■ SUPPLIED MATERIAL
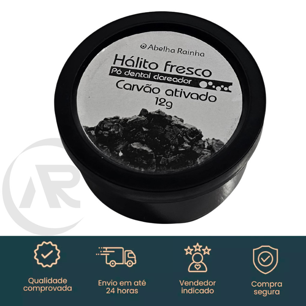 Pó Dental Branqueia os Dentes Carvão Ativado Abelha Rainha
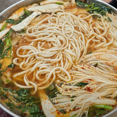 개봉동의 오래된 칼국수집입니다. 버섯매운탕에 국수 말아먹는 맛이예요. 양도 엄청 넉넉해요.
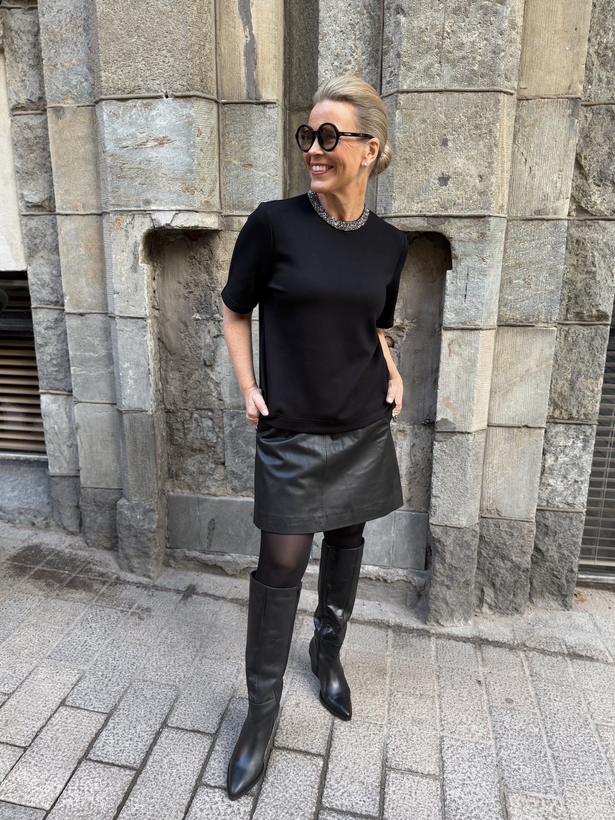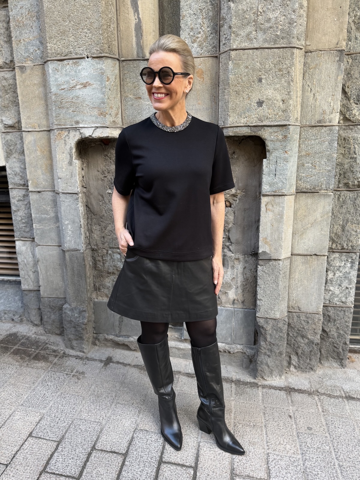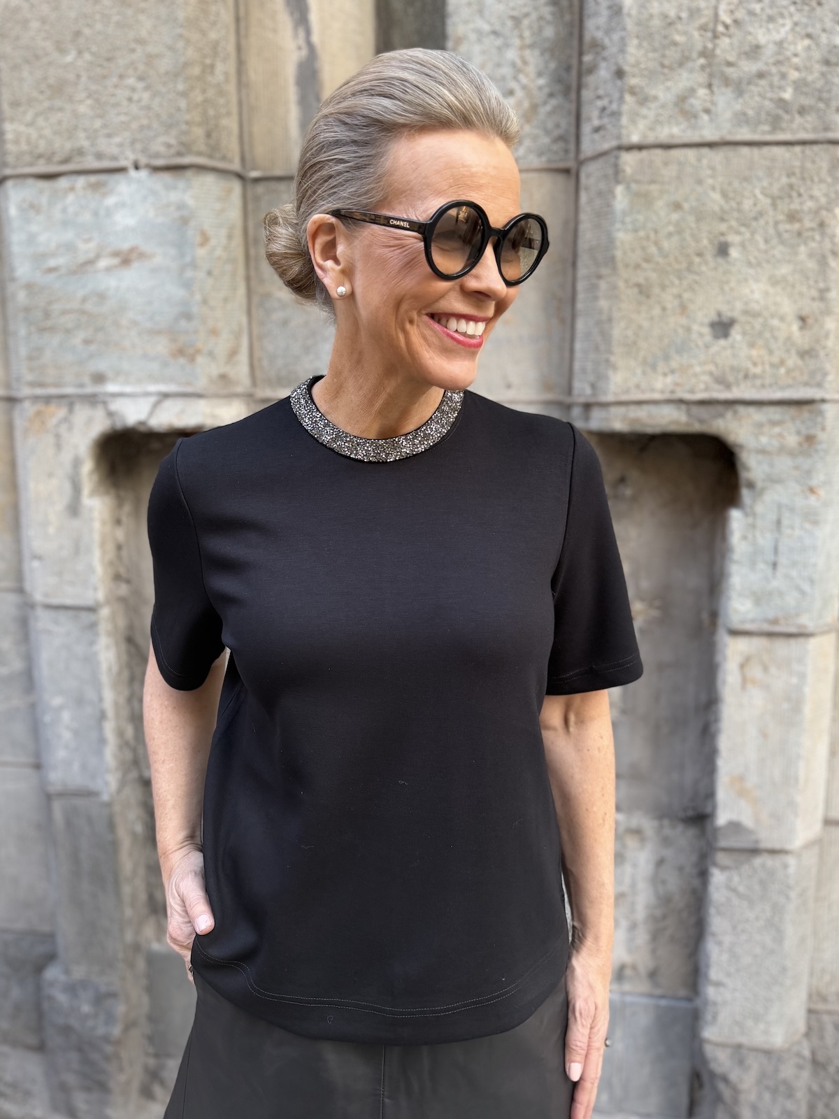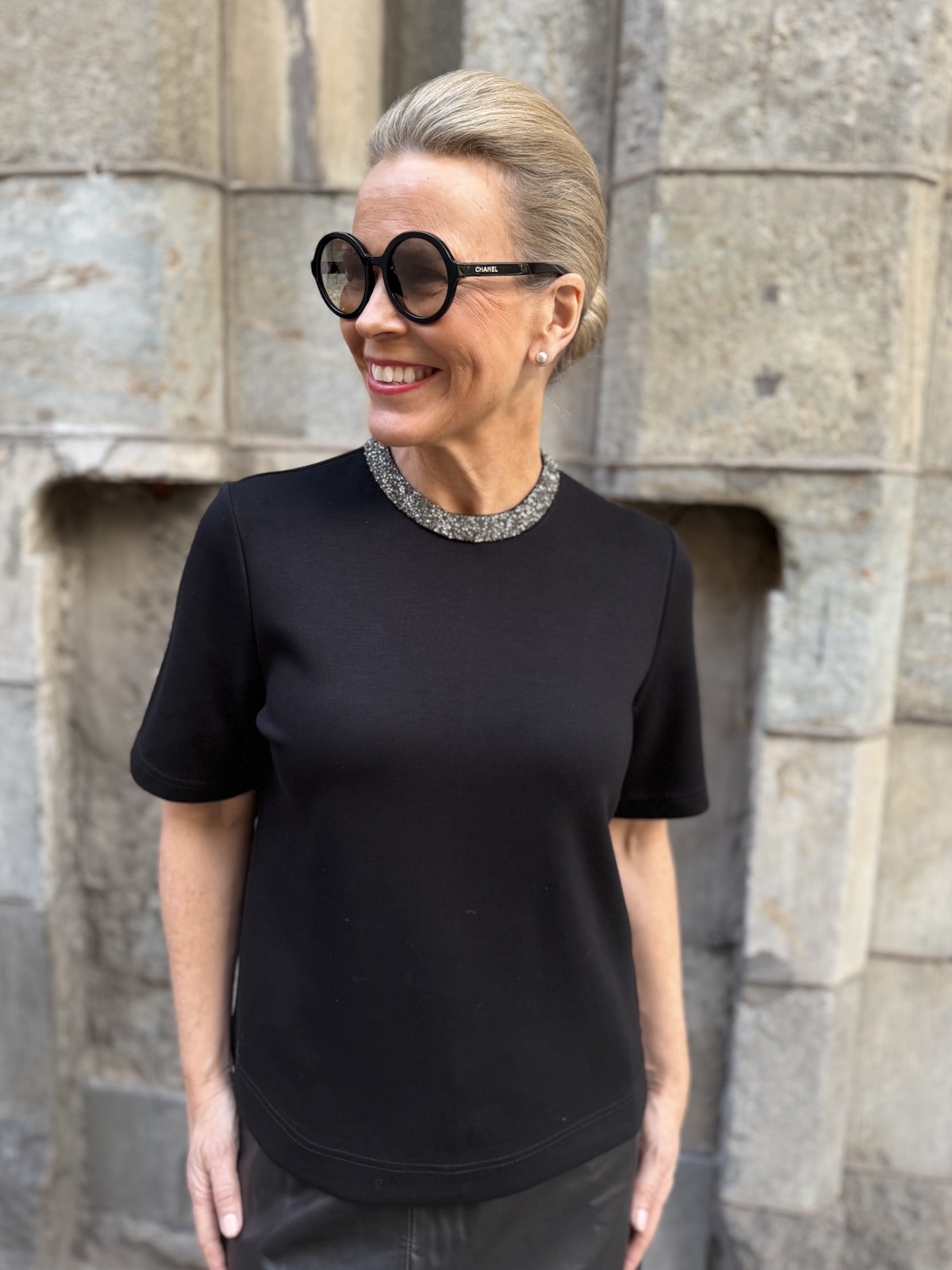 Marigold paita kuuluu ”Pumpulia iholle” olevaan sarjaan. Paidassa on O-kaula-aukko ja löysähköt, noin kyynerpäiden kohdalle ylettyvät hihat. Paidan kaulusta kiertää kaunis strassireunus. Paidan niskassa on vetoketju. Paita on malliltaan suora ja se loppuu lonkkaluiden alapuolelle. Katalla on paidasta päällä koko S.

■ YOUR OBJECTIVE
Drop the images; restate the listing exactly.

■ RESULT OF THE TASK
 Pó Dental Branqueia os Dentes Carvão Ativado Abelha Rainha
 개봉동의 오래된 칼국수집입니다. 버섯매운탕에 국수 말아먹는 맛이예요. 양도 엄청 넉넉해요.
 Marigold paita kuuluu ”Pumpulia iholle” olevaan sarjaan. Paidassa on O-kaula-aukko ja löysähköt, noin kyynerpäiden kohdalle ylettyvät hihat. Paidan kaulusta kiertää kaunis strassireunus. Paidan niskassa on vetoketju. Paita on malliltaan suora ja se loppuu lonkkaluiden alapuolelle. Katalla on paidasta päällä koko S.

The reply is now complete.